> _Record extracts_:
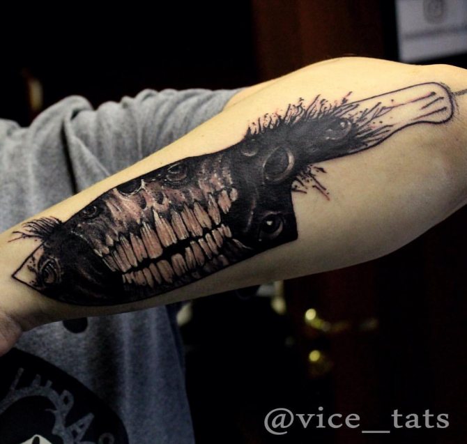 Καλλιτεχνικό τατουάζ "Επικίνδυνο μαχαίρι". Τοποθέτηση: βραχίονας
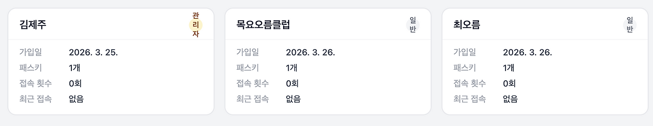 아내랑 같이 오름을 다니는 절친들이 사용자로 들어왔습니다. 그 과정에서 passkey 사용이 낯선 것인지 아니면, 클로드 코드가 모르는 시나리오로 들어오며 문제가 생긴 것인지 (저 빼고) 네 번째 사용자 초대 과정에서 문제가 생겼습니다.
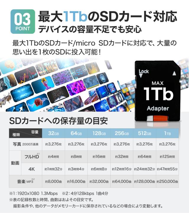 ・SD容量:最大1TB対応
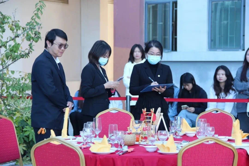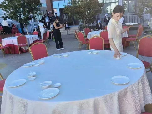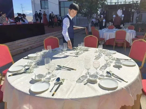 经过周密部署、精心筹备,比赛正式开始,此次比赛以实操技能为主,包括仪容仪表、宴会摆台、餐巾折花、主题创意设计、菜单设计、主题创意说明、餐前服务、点菜服务、酒水服务、餐后服务多项内容。每一位选手在规定时间内完成仪容仪表展示、8人台宴会设计摆台技能服务。参赛选手准备充分,通过现场操作展现了各自娴熟的岗位操作技能、规范的操作程序。
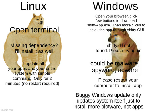arrow-up12arrow-down1imageLinux vs Windowslemmy.worldTux@lemmy.worldM to Technology Memes@lemmy.worldEnglish · 1 year agomessage-square0linkfedilinkcross-posted to: linuxmemes@lemmy.world
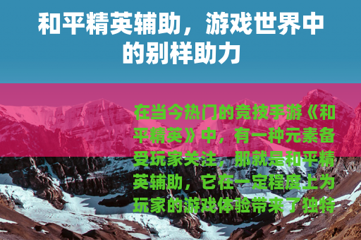 在当今热门的竞技手游《和平精英》中,有一种元素备受玩家关注,那就是和平精英辅助,它在一定程度上为玩家的游戏体验带来了独特的影响。
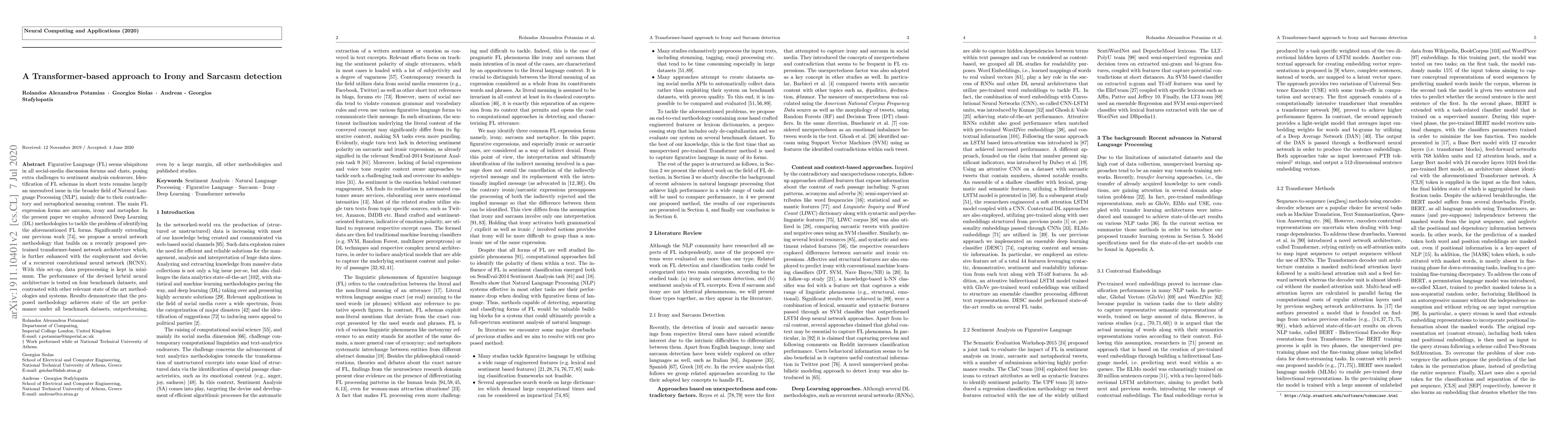 This paper proposes a transformer-based neural network enhanced with a recurrent convolutional neural network (RCNN) for detecting irony and sarcasm in social media texts. The hybrid architecture achieves state-of-the-art performance on four benchmark datasets, outperforming existing methods.
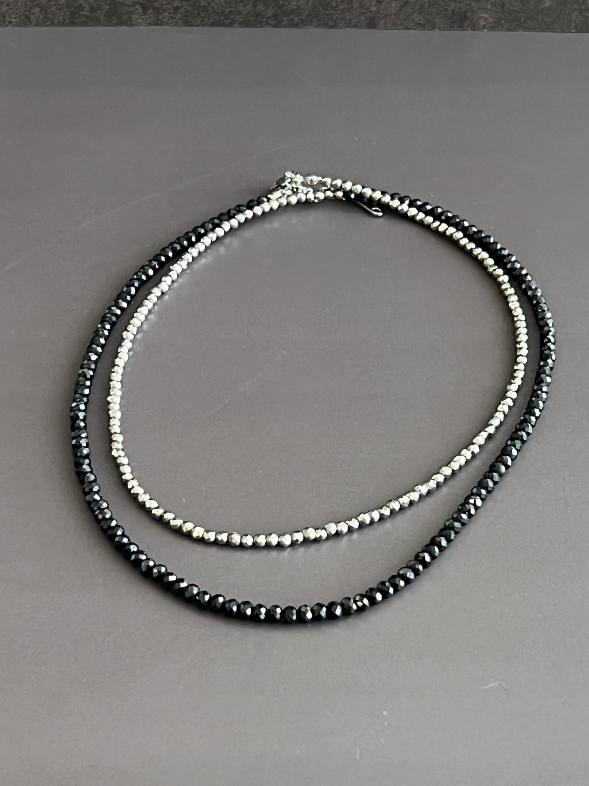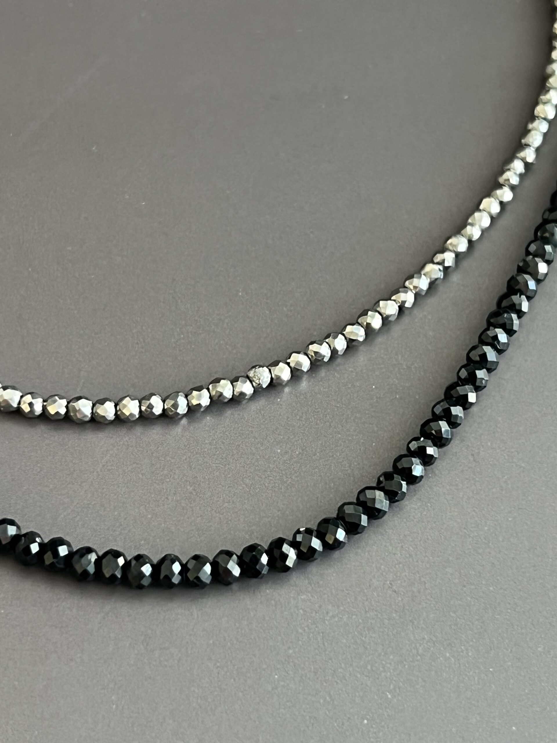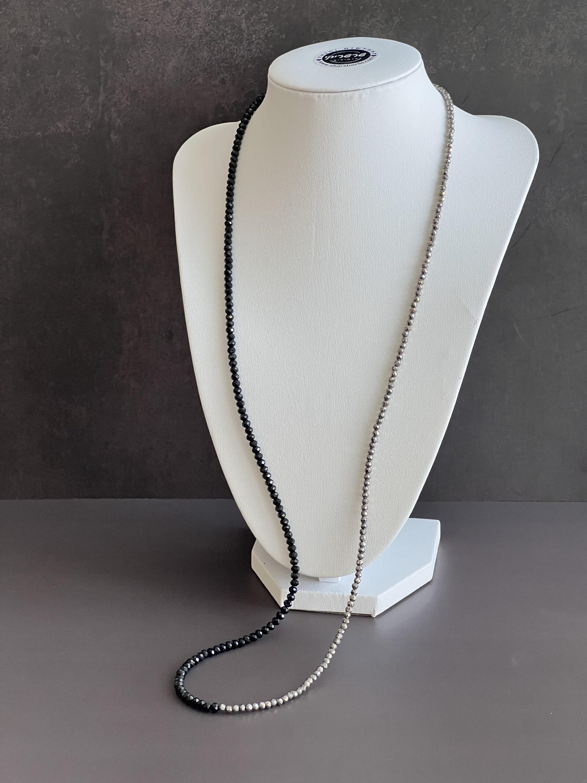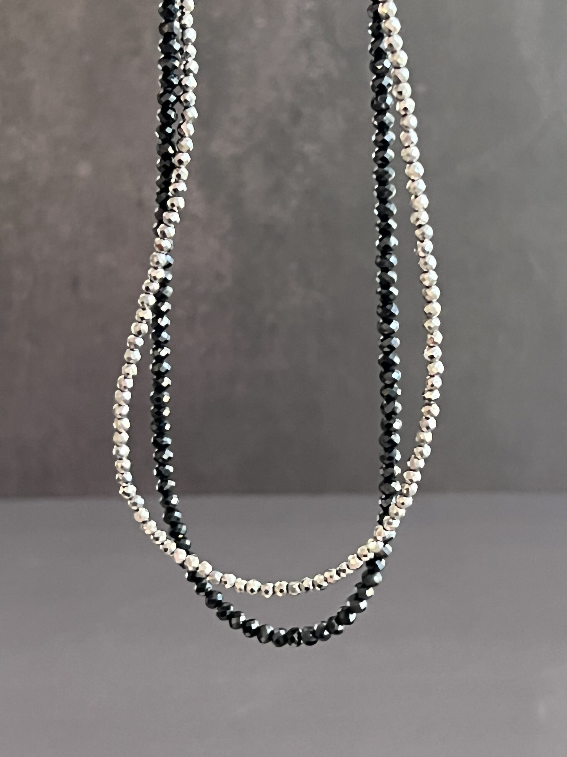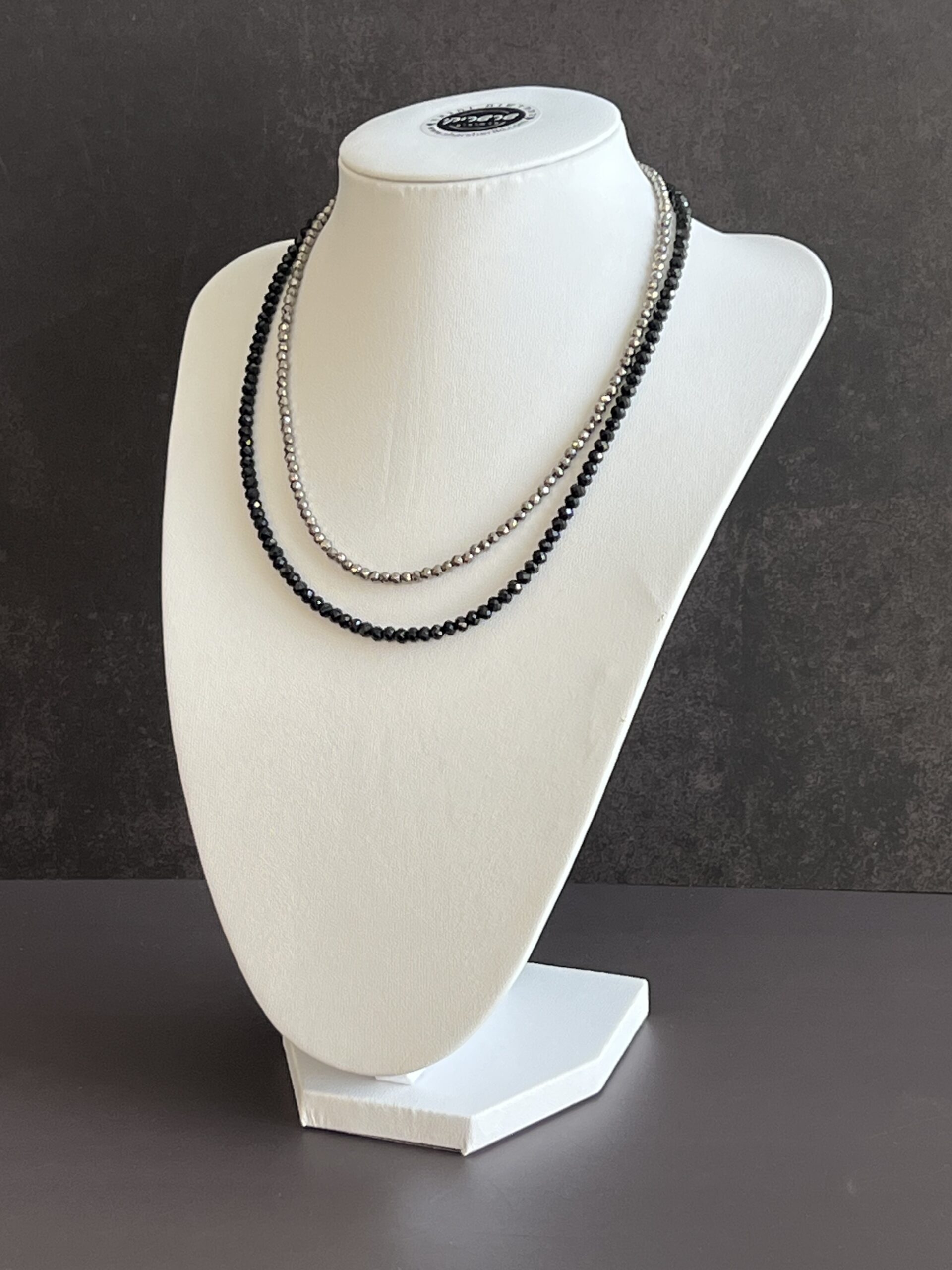 שרשרת שהיא שתיים באחת עשויה חרוזי אוניקס שחורים וחרוזי קריסטל כסופים שניתן לענוד כשרשרת ארוכה או ללפף לשתי שכבות כשרשרת צמודה ולקבל מראה שכבות ללא מאמץ .
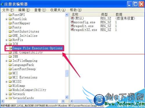 4、在“HKEY_LOCAL_MACHINE”这一根键,依次打开[HKEY_LOCAL_MACHINE\Software\Microsoft\Windows NT\CurrentVersion\Image File Execution Options],最后选定Image File Execution Options这一项。
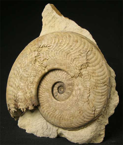 | Another fantastic display ammonite with an immaculate centre. The ammonite has been preserved in different shades of brown calcite. The last suture has been fully exposed which takes many hours of preparation for maxium aesthetics. Such quality is becoming extremely rare nowadays to collect from this locality. The ammonite has been prepared on a lovely piece of cream coloured matrix which also has a cut base for ease of display. This wonderful display ammonite would grace any home or office space. Approximately 180 million years old. Prepared by Andy Cowap. |

> _Your assignment_:
Produce the lines from the first line of the entries through the line that contains "This paper proposes", exactly, leaving the pictures behind.

> _Exercise response_:
 Καλλιτεχνικό τατουάζ "Επικίνδυνο μαχαίρι". Τοποθέτηση: βραχίονας
 아내랑 같이 오름을 다니는 절친들이 사용자로 들어왔습니다. 그 과정에서 passkey 사용이 낯선 것인지 아니면, 클로드 코드가 모르는 시나리오로 들어오며 문제가 생긴 것인지 (저 빼고) 네 번째 사용자 초대 과정에서 문제가 생겼습니다.
 ・SD容量:最大1TB対応
 经过周密部署、精心筹备,比赛正式开始,此次比赛以实操技能为主,包括仪容仪表、宴会摆台、餐巾折花、主题创意设计、菜单设计、主题创意说明、餐前服务、点菜服务、酒水服务、餐后服务多项内容。每一位选手在规定时间内完成仪容仪表展示、8人台宴会设计摆台技能服务。参赛选手准备充分,通过现场操作展现了各自娴熟的岗位操作技能、规范的操作程序。
arrow-up12arrow-down1imageLinux vs Windowslemmy.worldTux@lemmy.worldM to Technology Memes@lemmy.worldEnglish · 1 year agomessage-square0linkfedilinkcross-posted to: linuxmemes@lemmy.world
 在当今热门的竞技手游《和平精英》中,有一种元素备受玩家关注,那就是和平精英辅助,它在一定程度上为玩家的游戏体验带来了独特的影响。
 This paper proposes a transformer-based neural network enhanced with a recurrent convolutional neural network (RCNN) for detecting irony and sarcasm in social media texts. The hybrid architecture achieves state-of-the-art performance on four benchmark datasets, outperforming existing methods.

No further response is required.